Network clustering and hub-identification. (A) A force atlas format to show the degree and betweenness centrality. The number of edges was represented as degree, and the number of shortest paths of all possible pairs of nodes represented betweenness centrality. (B) Brain regions were ranked in descending order for degree and betweenness centrality of the CON, ACU, and ACU + U groups. Brain regions ranked above the 80th percentile for degree and betweenness centrality were indicated by a red-coloured box. (C) Venn diagram shows the overlap between brain regions ranked above the 80th percentile for degree and betweenness centrality in the ACU and ACU + U groups. Two putative hub regions (Sol and Cg2 in the ACU group; S1 and PV in the ACU + U group) were identified as hub brain regions in each group. CON control, ACU acupuncture treatment, ACU + U U0126 administration followed by acupuncture treatment. Abbreviations for each brain region are shown in Table 1.

Figure 7

Schematic diagram of local molecular signaling and brain function after acupuncture treatment. The peripheral mechanism (right) and central mechanism (left) after acupuncture treatment are illustrated. Acupuncture-induced ERK1/2 activation acts as a triggering molecule that induces multiple signaling transduction around the acupoint. These local signals are received by the peripheral nerve ending and then transmitted to the afferent sensory nervous tract.
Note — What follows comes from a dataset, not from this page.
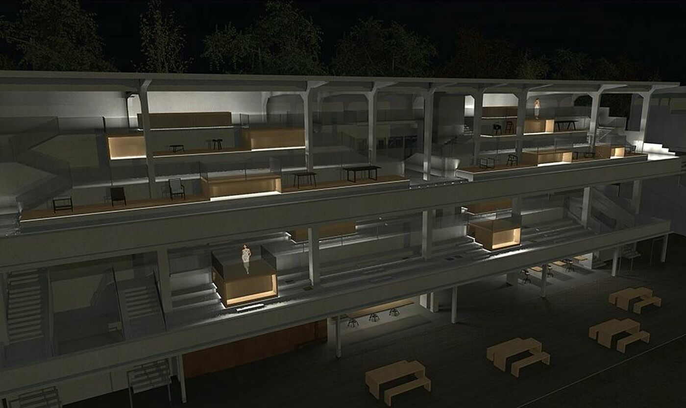 Mit dem Entwurf wird ein neues Konzept für die Tribüne 2, der Wiener Trabrennbahn erstellt. Die Tribüne wird mit neuen Aufgaben und Funktionen revitalisiert und neuerlebbar gemacht. Es wird ein Ort geschaffen, an dem sich Studierende, Kreative, Familien, Berufstätige und Kinder austauschen und entfalten können. Im Erdgeschoss werden Werkstätten angeboten. Auf den Stufen der Tribüne können die neu erschaffenen Produkte in Szene gesetzt werden. Gleichzeitig sind die Treppen ein neuartiger Ort zum Verweilen mit rhythmisch eingestreuten Versorgungsstationen. Die dominante Formensprache, die das Bauwerk kennzeichnet, bleibt erhalten.

The brain regions of Sol and Cg are mainly involved in acupuncture-mediated brain functional connectivity, and these brain regions are functionally connected with variable brain regions of SC, MC, HIP, Insul, HyTH, SN, and RMg. These central signals might activate the descending inhibitory pathway that provokes the acupuncture effect. The solid line is the mechanism of the findings in this study, and the dotted line is the potential prediction mechanism. Cg cingulate cortex, Insul insular cortex, HIP hippocampus, HYTH hypothalamus, MC motor cortex, PAG periaqueductal grey, RMg raphe magnus nucleus, SC somatosensory cortex, SN substantia nigra, Sol nucleus of solitary tract, ST striatum, TH thalamus.